Howls of protests from the imperialists and their South American allies greeted the announcement. The Spanish government voiced its concern and President Lula called a special cabinet meeting to protest at the action. With no Bolivian concessions, Brazilian Foreign Minister Celso Amorim threatened the withdrawal of the Brazilian ambassador from La Paz unless there was compensation, perversely blaming Chavez for the events. EU foreign policy chief Javier Solana expressed the imperialists’ standpoint when he declared that ‘We have to keep on talking, we have to keep on trying to influence the behaviour of countries…[about] the basic rules of the international economy’. The Times thundered about ‘this petulant display of nationalism’ declaring ‘Even Hugo Chavez, the egotistic Venezuelan leader whom President Morales sees as a role model, has trodden with great skill’. Meanwhile Tony Blair spoke of his ‘concern’, saying ‘the most important thing is that everyone uses the power they have sensibly’ and warning that ‘people are worried about energy supply in the future…what countries do in their energy policy…matters enormously to all of us’.
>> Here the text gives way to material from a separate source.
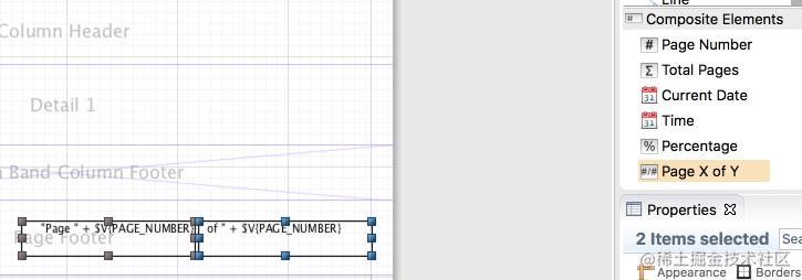 这个内置的组件是通过两个 Text Field 实现的,如果对对齐的精度要求不高,直接使用这个组件也是挺方便的。其原理就是使用了两次 $V{PAGE_NUMBER} 变量,只是设置不同的求值时机即可。对于每一页的页码设置 Evaluation Time 为 Now,对于总页码设置为 Report。

Arriving at the Vienna summit of European and Latin American countries on 12 May, Morales rejected imperialist demands that he should have negotiated with the multinationals beforehand ‘There is no reason why I should have to ask and consult about a country’s sovereign policies’, he declared. Centre-right MEPs boycotted his speech to the European Parliament on 15 May, on the grounds that the nationalisation proposals violated human rights! Morales has said that companies will not be compensated if they are deemed to have already received an adequate return on their investments, a stance which echoes that of Chile’s Allende government which refused to compensate US mining companies in 1971 when the copper industry was nationalised.
Morales has promised to start a programme of land redistribution involving 54,000 square miles in Santa Cruz province which were handed by former President Hugo Banzer to his cronies in the 1970s. The area is approximately 10% of the Bolivian land mass and is at present uncultivated. There have been constant struggles by landless farmers and indigenous people against the large landowners. Morales has also told the Bolivian people that the nationalisation of gas and oil is ‘just the beginning… tomorrow it will be the mines, the forests and all the natural resources’. It is not surprising that his personal approval ratings stand at over 80%.
On 15 May the Bolivian government ordered Spain’s BBVA and Switzerland’s Zurich to hand over state-owned shares they were managing in three energy companies, worth $1.5bn. This followed a period of non-co-operation by the companies involved. These energy companies are Andina SA, a subsidiary of Repsol, Chaco SA, owned by BP and BG (the former British Gas) and Transredes, owned by Shell. Both BBVA and Zurich had resisted the Bolivian government, shamelessly demanding compensation for assets they did not own. Now they are threatening legal action. Petroleos de Venezuela meanwhile has promised to invest $1.5 billion in support of YPFB. The confrontation continues.